▶ [Stored items]

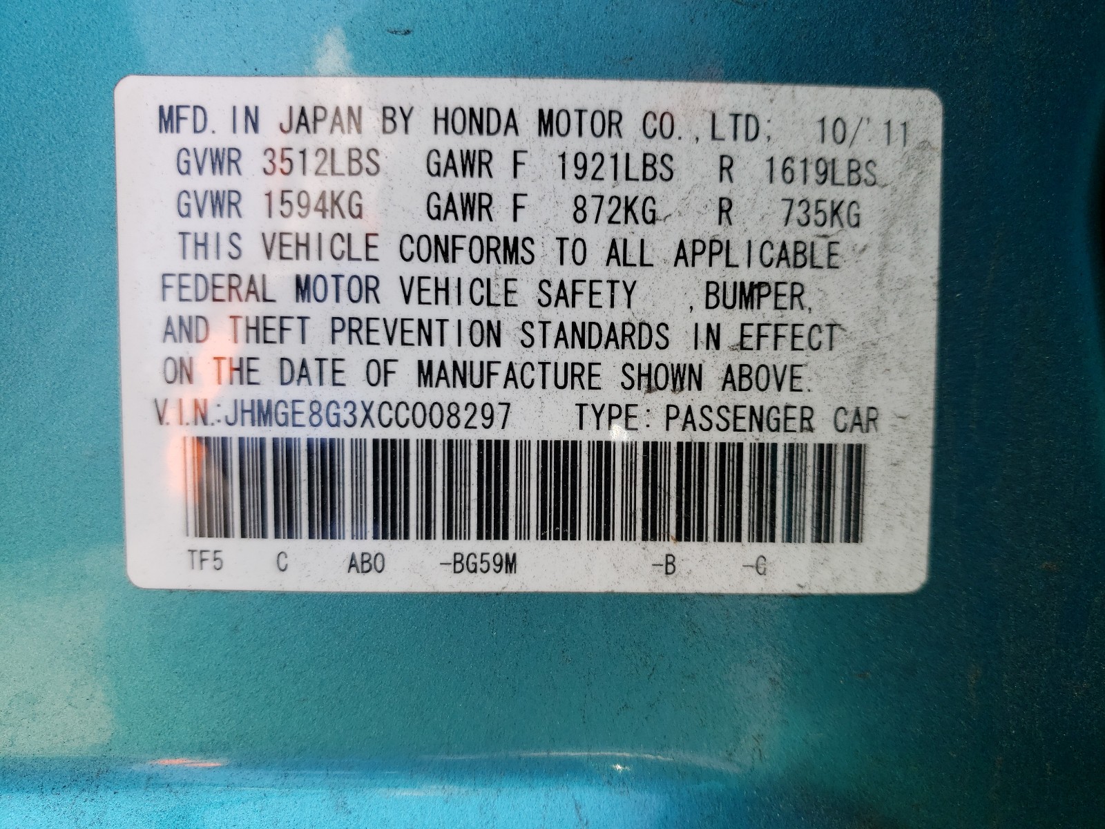 VIN: JHMGE8G3XCC008297
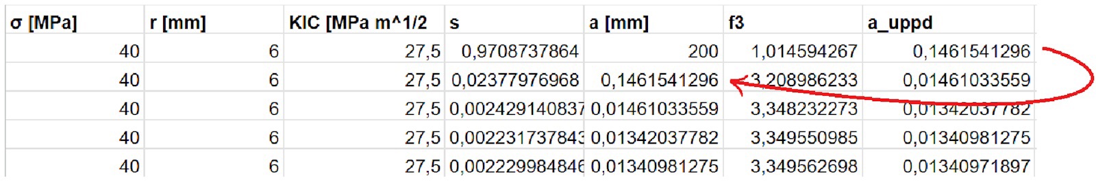 så jag skriver att instabil spricktillväxt sker när KIKic och att vi ställer upp därav villkoret att KI=KIC, alltså när KI-KIC=0 har vi hittat en lösning. Så provar jag fram tills att jag hittar ett värde som är tillräckligt nära 0 och får då en lösning.
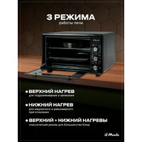 Духовка электрическая настольная, 40 л, Автоотключени, от 50 до 300 С, Эмаль «Легкая очистка», il Monte EO-4003
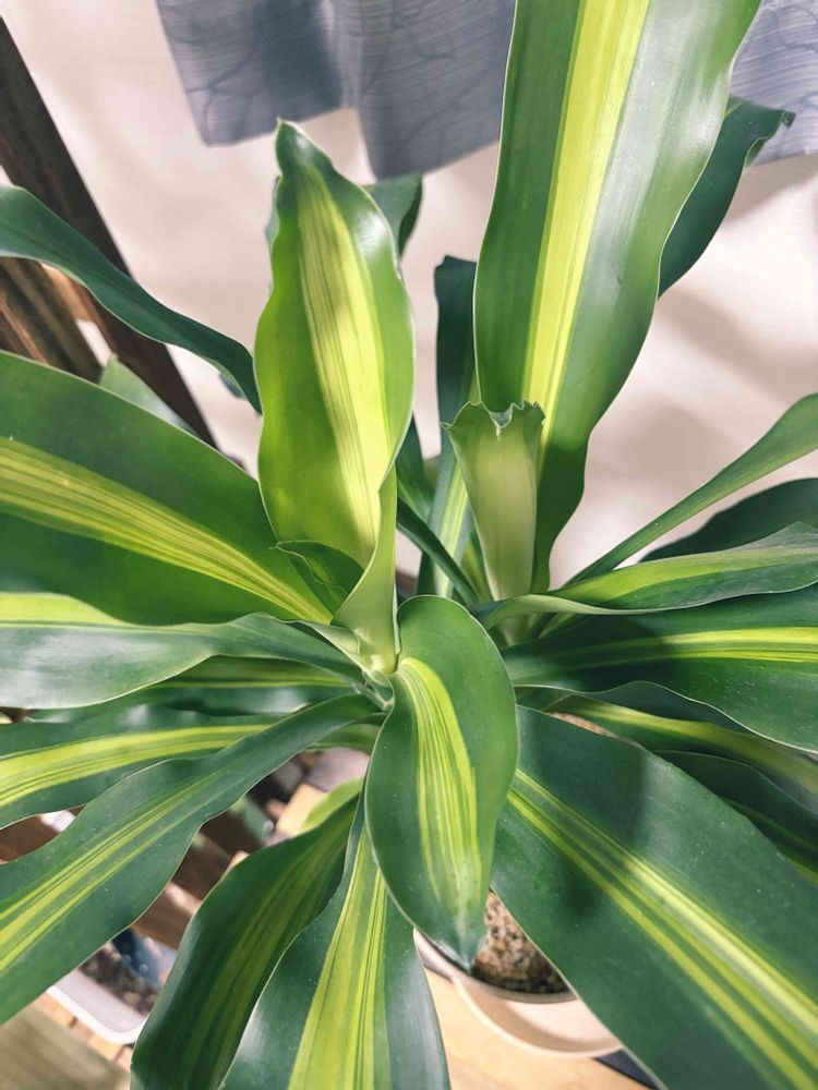 ドラセナのこの作り物みたいに綺麗な葉っぱってすごいよね✨
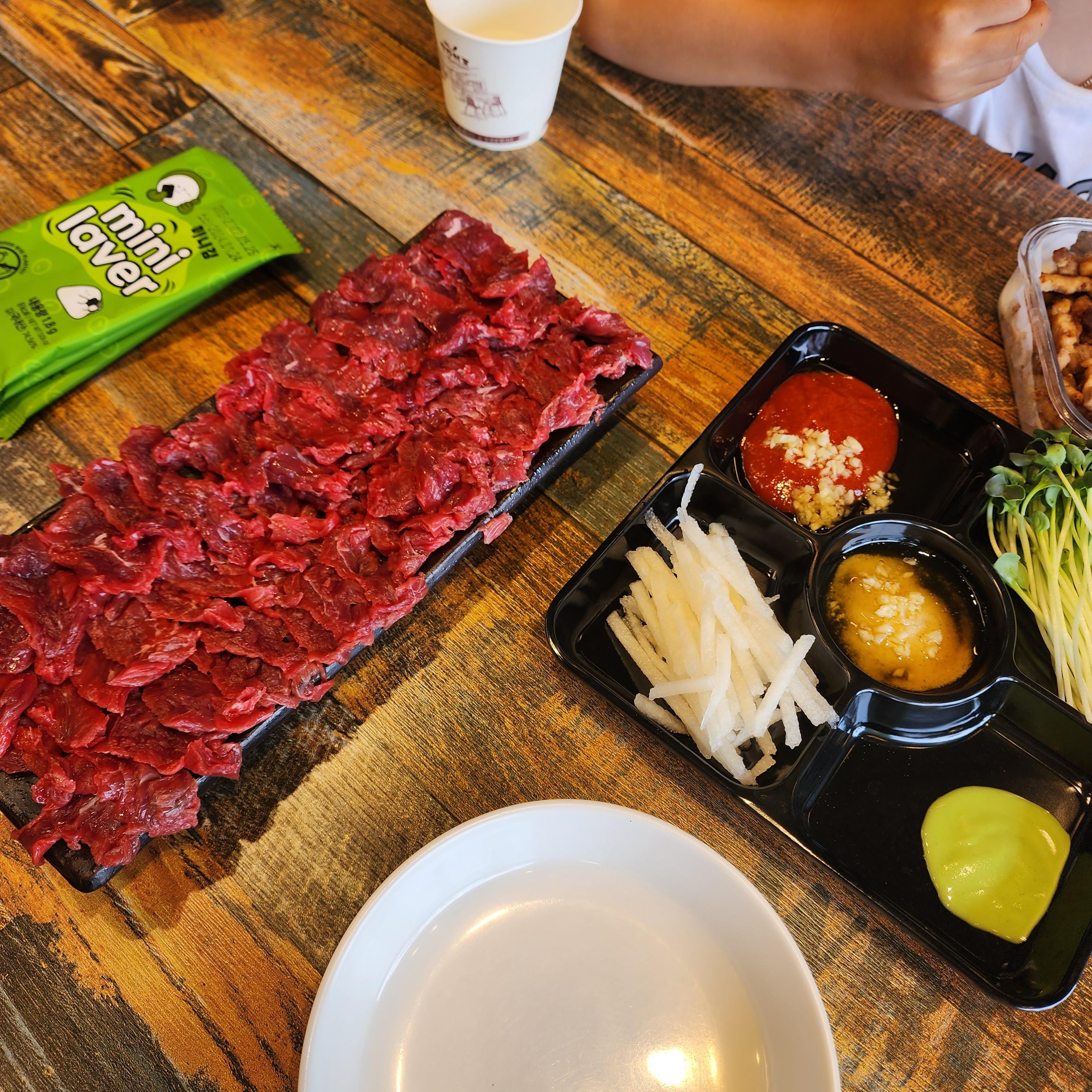 원래 아이 낳고 육회집은 진짜 한 번도 못 갔는데.. 제가 육회 진짜 좋아하거든요.
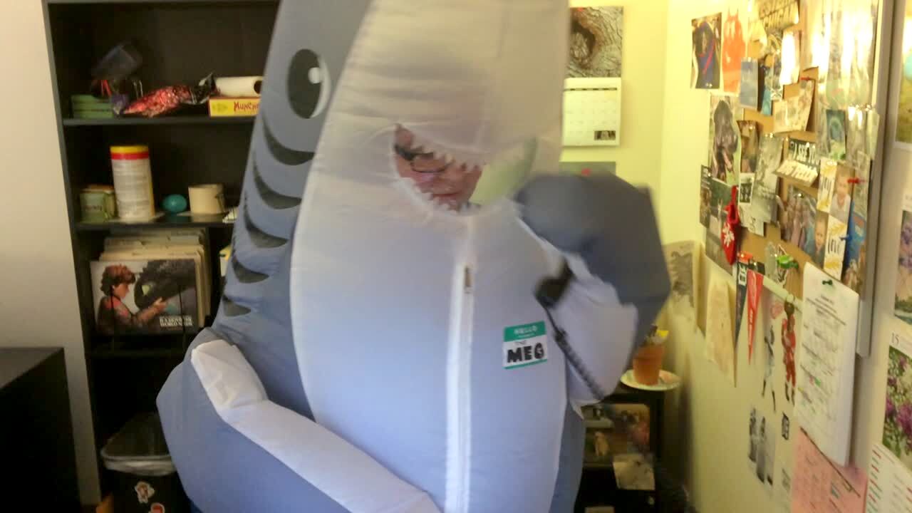 A woman wears an inflatable shark costume in an office and answers a phone call and asks if anyone lost a phone.
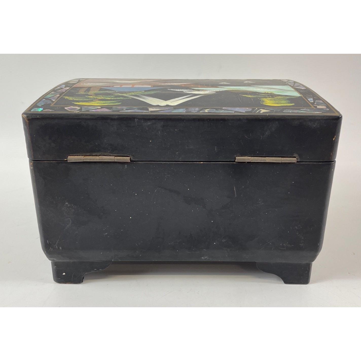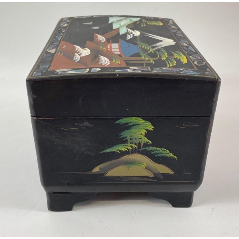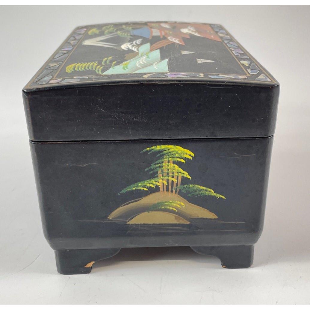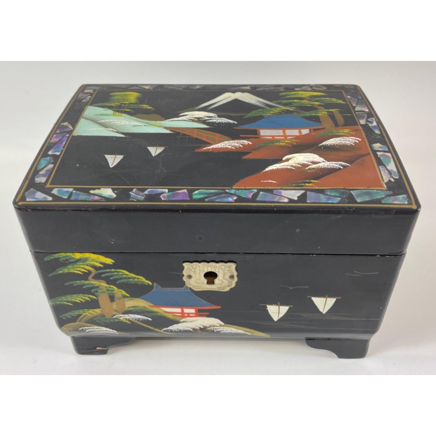 A vintage wooden musical hand painted JAPANESE jewellery box, with traditional scenes and the lid inlaid with abalone shell - a beautiful quality item! - dimensions 9cm height x 15cm wide x 11cm depth approx
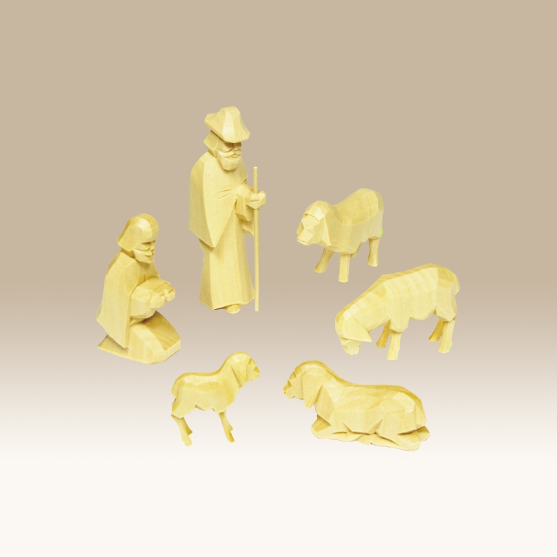 Die Figuren sind handgeschnitzt und farblos lasiert.

▶ [What the task asks]
What comes back should match the records exactly, minus any pictures.

▶ [Final answer]
 VIN: JHMGE8G3XCC008297
 så jag skriver att instabil spricktillväxt sker när KIKic och att vi ställer upp därav villkoret att KI=KIC, alltså när KI-KIC=0 har vi hittat en lösning. Så provar jag fram tills att jag hittar ett värde som är tillräckligt nära 0 och får då en lösning.
 Духовка электрическая настольная, 40 л, Автоотключени, от 50 до 300 С, Эмаль «Легкая очистка», il Monte EO-4003
 ドラセナのこの作り物みたいに綺麗な葉っぱってすごいよね✨
 원래 아이 낳고 육회집은 진짜 한 번도 못 갔는데.. 제가 육회 진짜 좋아하거든요.
 A woman wears an inflatable shark costume in an office and answers a phone call and asks if anyone lost a phone.
 A vintage wooden musical hand painted JAPANESE jewellery box, with traditional scenes and the lid inlaid with abalone shell - a beautiful quality item! - dimensions 9cm height x 15cm wide x 11cm depth approx
 Die Figuren sind handgeschnitzt und farblos lasiert.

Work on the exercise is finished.